Действительно болезнь, которую Суворов называл фликтеною, развивалась с каждым днем. Врачей первое время не было, и больной лечился, как надо думать, одною диетой; медицинская помощь явилась лишь в Кобрине и то по прошествии некоторого времени. По всей вероятности, в этом виноват был сам Суворов, который вообще не любил лечиться "латинскою кухней"; когда же домашние средства и диета оказались недостаточными, он вспомнил про подаренную ему Императрицей Екатериной "аптечку" и написал Хвостову, чтобы ее непременно разыскали и прислали. Впрочем, надежда на лечение даже с помощью "аптечки" была не велика; Суворов тут же говорит, что желает иметь при себе подарок покойной Императрицы только "для памяти". Как бы то ни было, по совету ли близких, или по собственному решению, Суворов пригласил к себе местных врачей; один приехал из Бреста, другой из Тересполя, третий оказался в числе ближайших помещиков; потом прибыло еще два военных врача. Суворов держался больше одного, Кернисона, местного землевладельца, который находился при нем безотлучно, днем и ночью, окружая его всевозможными попечениями и самым тщательным уходом. "Дружба его меня радикально избавила от смерти", писал он Ростопчину и просил ходатайства о награждении Кернисона чином титулярного советника. Хотя Кернисон на службе не состоял и никакого чина не имел, но Государь немедленно исполнил просьбу Суворова.

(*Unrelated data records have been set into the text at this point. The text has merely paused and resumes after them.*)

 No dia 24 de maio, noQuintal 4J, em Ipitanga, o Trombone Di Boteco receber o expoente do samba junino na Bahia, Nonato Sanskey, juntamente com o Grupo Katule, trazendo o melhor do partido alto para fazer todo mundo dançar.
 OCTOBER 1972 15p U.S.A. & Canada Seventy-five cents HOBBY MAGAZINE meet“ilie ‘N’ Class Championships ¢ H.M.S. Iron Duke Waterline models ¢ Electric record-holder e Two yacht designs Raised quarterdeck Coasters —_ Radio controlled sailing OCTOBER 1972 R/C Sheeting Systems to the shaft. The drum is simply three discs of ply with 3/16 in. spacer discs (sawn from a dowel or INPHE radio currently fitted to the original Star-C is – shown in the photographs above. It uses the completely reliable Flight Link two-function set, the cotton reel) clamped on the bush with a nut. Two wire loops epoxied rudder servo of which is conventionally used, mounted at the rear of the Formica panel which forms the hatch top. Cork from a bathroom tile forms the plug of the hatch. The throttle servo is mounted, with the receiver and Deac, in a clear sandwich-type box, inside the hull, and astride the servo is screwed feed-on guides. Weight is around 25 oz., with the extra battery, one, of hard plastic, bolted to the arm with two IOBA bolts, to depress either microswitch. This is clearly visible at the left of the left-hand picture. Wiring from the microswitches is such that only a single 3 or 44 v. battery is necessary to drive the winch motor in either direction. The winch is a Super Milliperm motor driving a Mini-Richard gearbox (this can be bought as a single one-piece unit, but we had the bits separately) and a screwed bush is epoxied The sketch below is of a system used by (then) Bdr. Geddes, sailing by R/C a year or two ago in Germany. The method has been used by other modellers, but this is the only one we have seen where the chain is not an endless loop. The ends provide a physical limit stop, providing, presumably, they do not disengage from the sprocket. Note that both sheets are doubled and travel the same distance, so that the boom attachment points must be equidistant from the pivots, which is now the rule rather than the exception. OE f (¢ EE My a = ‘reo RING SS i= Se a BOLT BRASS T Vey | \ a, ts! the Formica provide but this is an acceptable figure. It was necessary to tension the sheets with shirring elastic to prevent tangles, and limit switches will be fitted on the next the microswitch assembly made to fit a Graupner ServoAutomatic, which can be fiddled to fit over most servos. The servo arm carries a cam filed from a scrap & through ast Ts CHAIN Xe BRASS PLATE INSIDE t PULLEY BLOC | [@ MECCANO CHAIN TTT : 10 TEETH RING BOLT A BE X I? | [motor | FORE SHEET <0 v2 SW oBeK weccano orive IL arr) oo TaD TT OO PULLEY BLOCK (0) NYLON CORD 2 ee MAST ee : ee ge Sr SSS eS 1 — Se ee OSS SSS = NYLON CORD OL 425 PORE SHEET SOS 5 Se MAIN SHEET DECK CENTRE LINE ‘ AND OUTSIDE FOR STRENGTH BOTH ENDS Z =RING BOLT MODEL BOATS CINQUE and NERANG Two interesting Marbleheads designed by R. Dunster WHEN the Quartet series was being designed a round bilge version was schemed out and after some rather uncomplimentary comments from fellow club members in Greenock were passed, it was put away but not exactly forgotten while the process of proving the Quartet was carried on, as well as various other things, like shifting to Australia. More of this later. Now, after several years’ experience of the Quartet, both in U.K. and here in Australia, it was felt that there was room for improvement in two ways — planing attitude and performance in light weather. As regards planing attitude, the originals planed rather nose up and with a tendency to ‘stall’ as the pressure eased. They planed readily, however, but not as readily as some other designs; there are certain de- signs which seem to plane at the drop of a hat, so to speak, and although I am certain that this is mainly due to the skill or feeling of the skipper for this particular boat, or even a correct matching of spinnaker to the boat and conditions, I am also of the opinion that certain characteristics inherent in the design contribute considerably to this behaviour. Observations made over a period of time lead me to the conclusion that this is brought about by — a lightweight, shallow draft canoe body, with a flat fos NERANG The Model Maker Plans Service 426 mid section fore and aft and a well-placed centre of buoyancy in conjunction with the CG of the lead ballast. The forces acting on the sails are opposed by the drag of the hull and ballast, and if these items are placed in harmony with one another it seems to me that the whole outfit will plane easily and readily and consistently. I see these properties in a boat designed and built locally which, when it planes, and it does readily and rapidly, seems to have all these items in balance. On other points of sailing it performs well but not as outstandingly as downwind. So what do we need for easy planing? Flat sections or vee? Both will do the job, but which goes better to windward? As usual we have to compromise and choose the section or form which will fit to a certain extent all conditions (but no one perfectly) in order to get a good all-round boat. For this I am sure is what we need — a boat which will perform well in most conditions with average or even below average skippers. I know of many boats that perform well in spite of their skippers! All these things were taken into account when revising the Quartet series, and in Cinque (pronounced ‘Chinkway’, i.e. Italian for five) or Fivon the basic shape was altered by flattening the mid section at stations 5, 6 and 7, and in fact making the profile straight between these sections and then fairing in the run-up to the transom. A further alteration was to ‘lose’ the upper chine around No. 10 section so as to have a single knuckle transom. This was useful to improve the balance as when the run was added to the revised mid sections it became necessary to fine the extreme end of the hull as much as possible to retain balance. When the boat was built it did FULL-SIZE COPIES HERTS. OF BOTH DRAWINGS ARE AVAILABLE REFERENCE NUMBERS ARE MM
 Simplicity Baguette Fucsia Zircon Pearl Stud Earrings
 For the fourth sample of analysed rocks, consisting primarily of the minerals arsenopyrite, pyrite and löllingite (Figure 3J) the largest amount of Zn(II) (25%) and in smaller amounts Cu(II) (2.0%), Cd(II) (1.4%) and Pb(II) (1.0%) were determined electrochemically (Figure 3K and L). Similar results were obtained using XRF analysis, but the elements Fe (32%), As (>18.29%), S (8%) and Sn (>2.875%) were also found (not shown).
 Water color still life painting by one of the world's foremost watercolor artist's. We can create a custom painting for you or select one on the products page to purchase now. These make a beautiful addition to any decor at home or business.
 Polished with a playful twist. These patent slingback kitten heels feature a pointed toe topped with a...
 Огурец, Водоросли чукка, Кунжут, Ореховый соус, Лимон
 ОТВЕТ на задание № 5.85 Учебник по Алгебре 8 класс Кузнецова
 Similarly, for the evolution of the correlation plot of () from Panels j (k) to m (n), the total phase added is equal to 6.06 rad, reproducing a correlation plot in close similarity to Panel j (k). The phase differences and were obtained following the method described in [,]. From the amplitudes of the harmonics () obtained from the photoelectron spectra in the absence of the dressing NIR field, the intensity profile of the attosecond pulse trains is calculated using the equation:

В бытность свою в Праге и вскоре по выезде оттуда, Суворов расстался почти со всеми своими родными и приближенными, которые разъехались в разные стороны, преимущественно в Петербург, по требованиям службы, так что при нем остались всего двое или трое, в том числе Багратион. Когда болезнь усилилась, Багратион поехал с донесением об этом к Государю, и в Кобрин прискакали посланные Государем сын Суворова и лейб-медик Вейкарт. Новый врач принялся за лечение, но больной его не слушался, спорил с ним и советовался с фельдшером Наумом. "Мне надобна деревенская изба, молитва (был пост), баня, кашица да квас", говорил Суворов врачу в ответ на упреки его за непослушание: "ведь я солдат". Вейкарт на это возражал, что он, Суворов, не солдат, а генералиссимус. "Правда", отвечал Суворов: "но солдат с меня пример берет". Однако, было ли то естественным фазисом болезни, или Вейкарту удалось в некоторой степени переубедить больного, только состояние Суворова стало несколько улучшаться. Князь Аркадий сначала доносил Государю о своем отце в выражениях неопределенных, говоря между прочим, что Вейкарт рассчитывает скорее на улучшение, чем на ухудшение; но потом стал писать, что болезнь проходит, велика только слабость, которая однако не мешает вскоре (после 15 марта) тронуться в дальнейший путь 4.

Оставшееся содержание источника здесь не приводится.